PRINTED CIRCUIT BOARD, ELECTRICAL CIRCUIT ASSEMBLY AND METHODS OF PRODUCING A PRINTED CIRCUIT BOARD AND AN ELECTRICAL CIRCUIT ASSEMBLY

Abstract

The invention is directed to a printed circuit board comprising an insulating bulk layer having a proximal surface and a distal surface that is opposite to the proximal surface with one or more electrical connection elements accessible from the proximal surface of the insulating bulk layer. The electrical connection elements are configured to connect electrical components to be arranged on the proximal surface of the insulating bulk layer, wherein the distal surface is at least partially covered by a distal conductive layer that is electrically isolated from the electrical connection elements.

Claims

1. A printed circuit board comprising: an insulating bulk layer having a proximal surface and a distal surface that is opposite to the proximal surface; one or more electrical connection elements accessible from the proximal surface of the insulating bulk layer, the electrical connection elements being configured to connect electrical components to be arranged on the proximal surface of the insulating bulk layer; wherein the distal surface is at least partially covered by a distal conductive layer that is electrically isolated from the electrical connection elements.

2. The printed circuit board according to claim 1, wherein the proximal surface is at least partially covered by a top external conductive layer.

3. The printed circuit board according to claim 1, wherein the one or more electrical connection elements comprise one or more internal conductive layers embedded in the insulating bulk layer in a direction substantially parallel to the proximal surface and the distal surface of the insulating bulk layer and connecting vias for connecting one or more internal conductive layers to the proximal surface, in particular to the top external conductive layer.

4. The printed circuit board according to claim 1, wherein the distal conductive layer is arranged and configured to be in contact with an external heat dissipation element.

5. The printed circuit board according to claim 1, further comprising one or more connecting holes traversing the insulating bulk layer from the proximal surface to the distal surface, for connecting the printed circuit board to an external heat dissipation element.

6. The printed circuit board according to claim 5, wherein the one or more connecting holes comprise a threaded inner surface for receiving threaded connecting elements configured to cooperate with the threaded inner surface.
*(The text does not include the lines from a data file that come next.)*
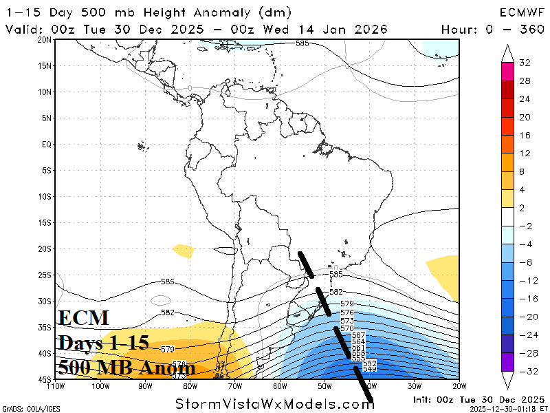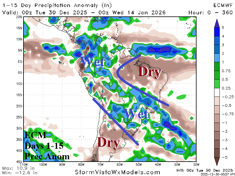 Discussion: The ECM 15-day rainfall anomaly forecast across South America indicates an arc of heavy rain extending from northwest continent across central continent and through Southeast Brazil touching northeastern Argentina (Fig. 1). The culprit is an unusually strong mid-latitude trough east of Argentina extending northwestward into Brazil (Fig. 2). Climate forecasts projected a cutoff upper trough on the Southeast Brazil Coast as January arrived. The full latitude trough is unusual and certainly a surprise and linked to a persistent negative phase Antarctic oscillation (-AAO) present for most of meteorological summer so far.
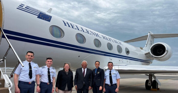 Ο Πορτογάλος πρόεδρος του Ευρωπαϊκού Συμβουλίου, Αντόνιο Κόστα μπροστά στο ελληνικό πρωθυπουργικό αεροσκάφος / πηγή φωτογραφίας Antonio Costa (X)
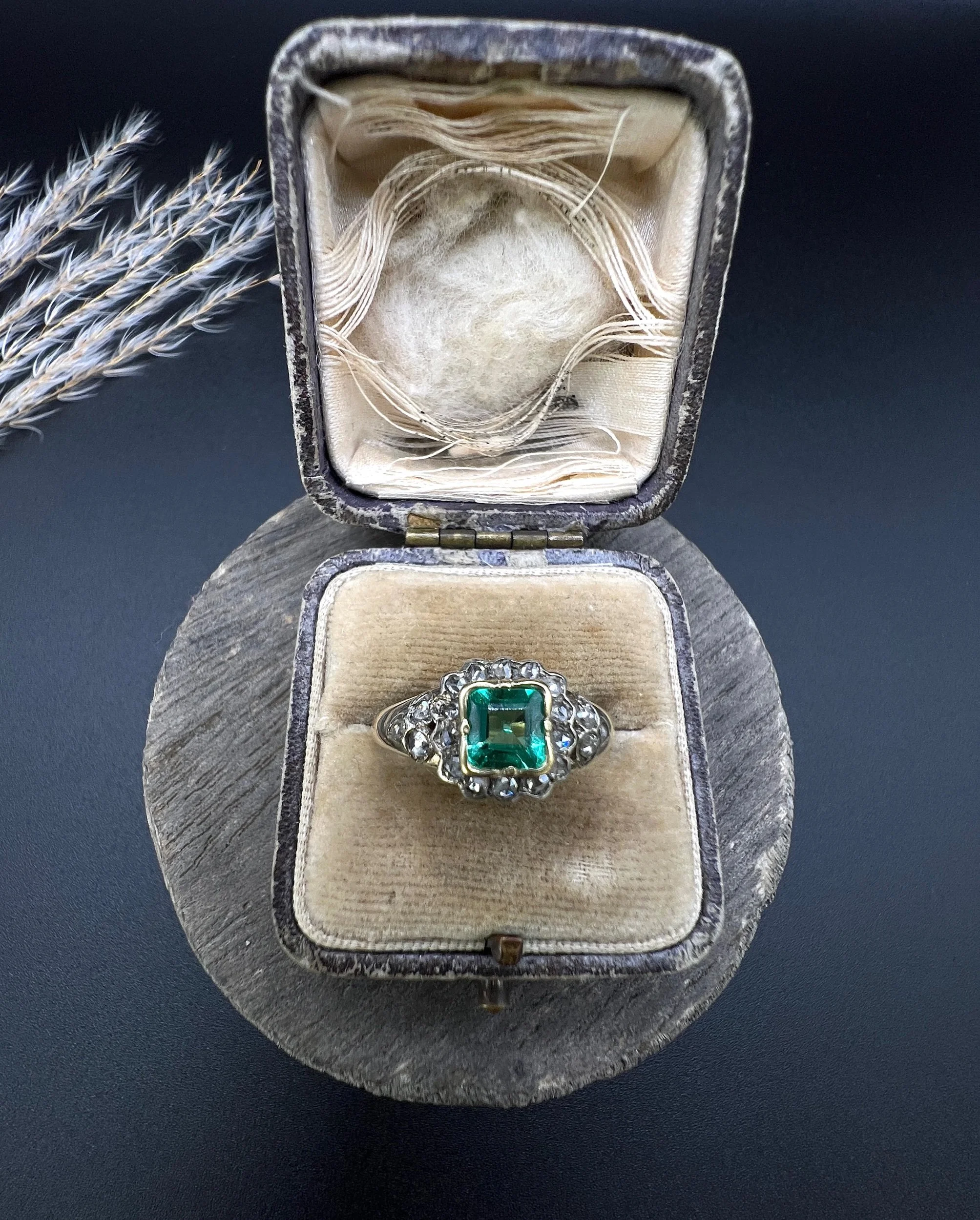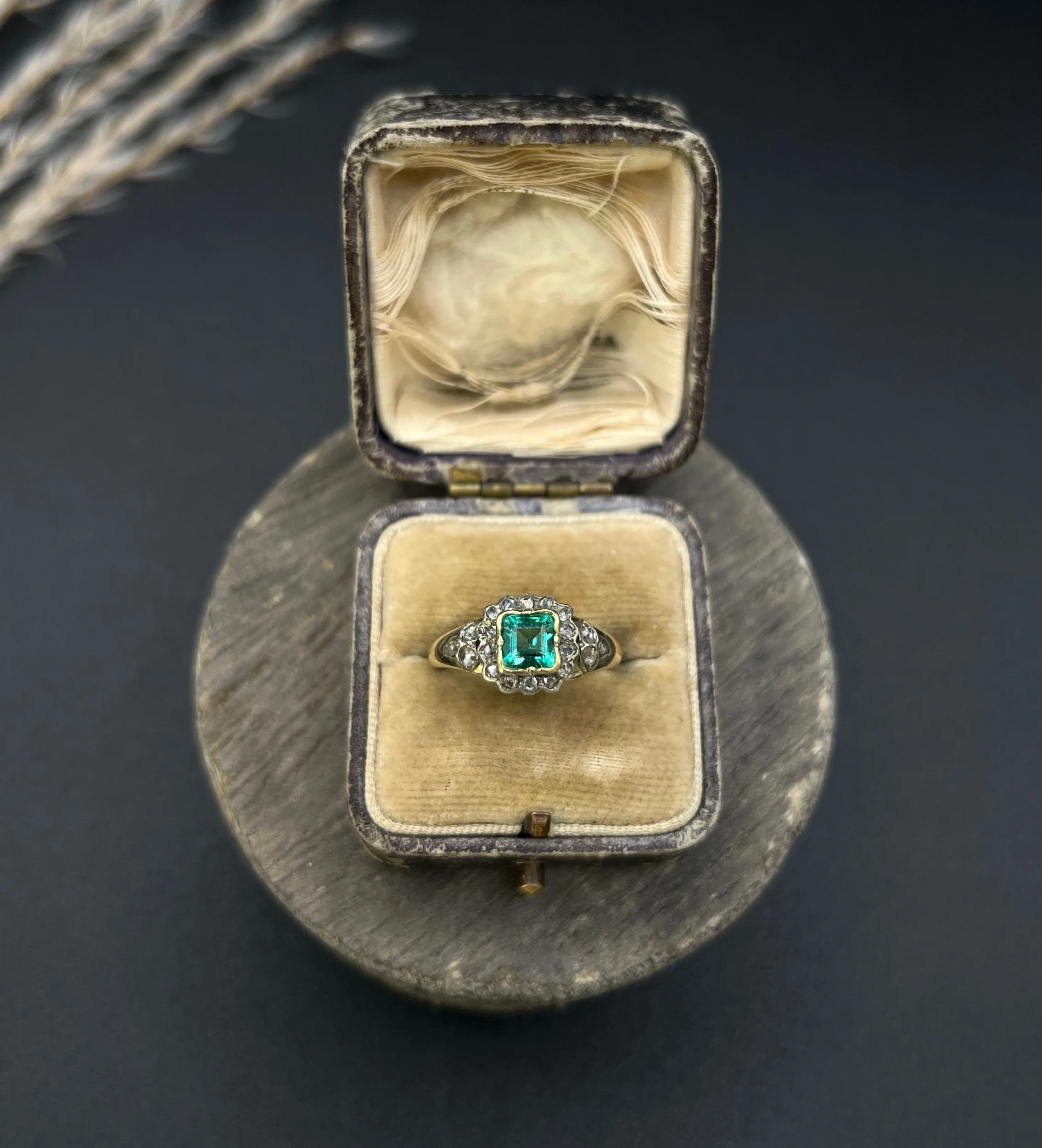 Step back in time to the elegance of the Early Victorian era with this exquisite 18ct gold square cluster ring. At its centre sits a breathtaking square-cut natural emerald, radiating a rich green hue that captures the eye. This stunning stone is beautifully framed by a halo of sparkling natural diamonds, each set in lustrous silver that enhances their brilliance and provides a striking contrast to the vibrant emerald.
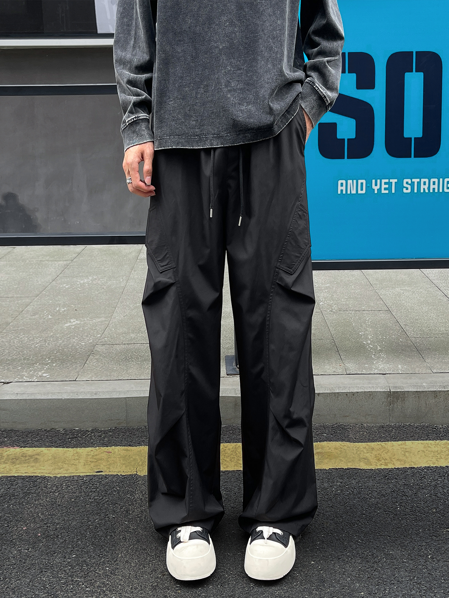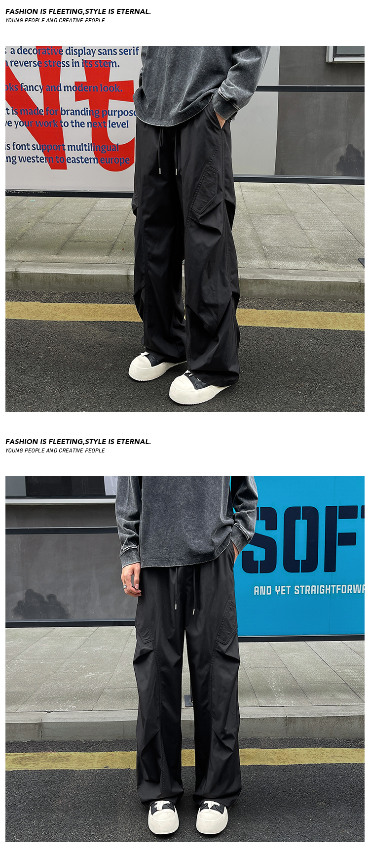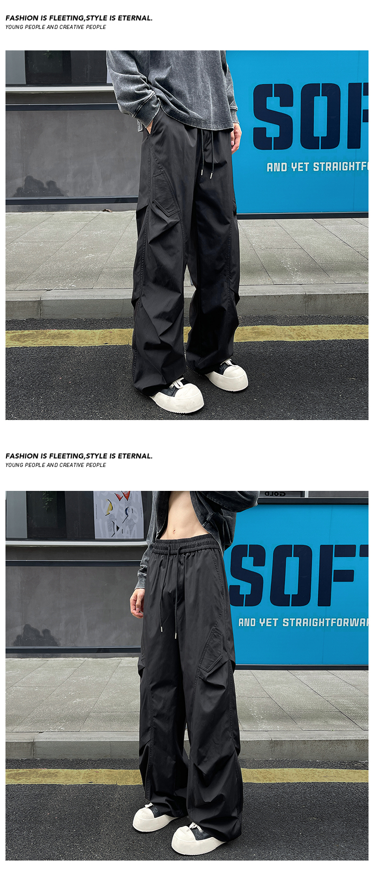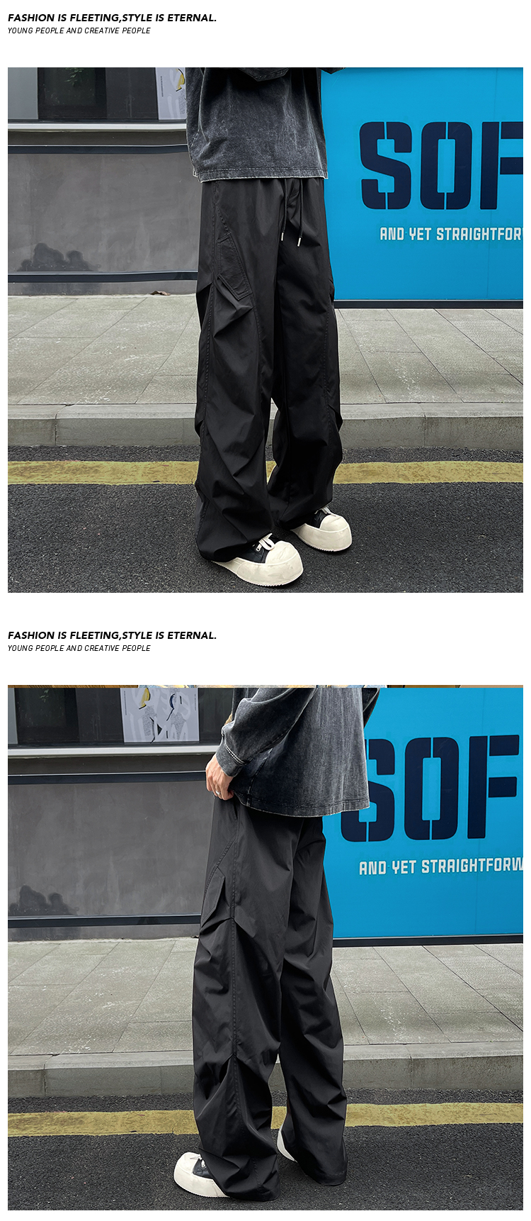 热卖美式工装伞兵裤男秋季2025新款直筒宽松黑色长裤潮牌运动休闲裤子

7. An electrical circuit assembly comprising; a printed circuit board in accordance with claim 1; electrical components mechanically arranged on the proximal surface of the insulating bulk layer and electrically connected to the one or more electrical connection elements; and a heat dissipation element arranged in contact with the distal conductive layer of the printed circuit board.

8. The electrical circuit assembly according to claim 7, wherein the printed circuit board comprises one or more connecting holes traversing the insulating bulk layer from the proximal surface to the distal surface, for connecting the printed circuit board to the heat dissipation element, the heat dissipation element comprises one or more connection recesses aligned with the connecting holes in a connected state; the electrical circuit assembly further comprising connecting elements, in particular threaded connecting elements, configured to mechanically fasten the printed circuit board to the heat dissipation element.

9. The electrical circuit assembly according to claim 7, further comprising a housing element, wherein the heat dissipation element is an integral part of the housing element.

10. A method for producing a printed circuit board according to claim 1, the method comprising: providing or producing a printed circuit board comprising a proximal solder mask layer as an outermost proximal layer, a proximal conductive layer arranged directly in contact with proximal solder mask layer, an insulating bulk layer arranged directly in contact with the proximal conductive layer and comprising at least one embedded electrical connection element, a distal conductive layer arranged directly in contact with the insulating bulk layer and a distal solder mask layer as an outermost distal layer directly in contact with the insulating bulk layer, wherein the proximal conductive layer is electrically connected to the at least one embedded electrical connection element, while maintaining an electrical isolation between the proximal conductive layer and the distal conductive layer; and removing the distal solder mask layer.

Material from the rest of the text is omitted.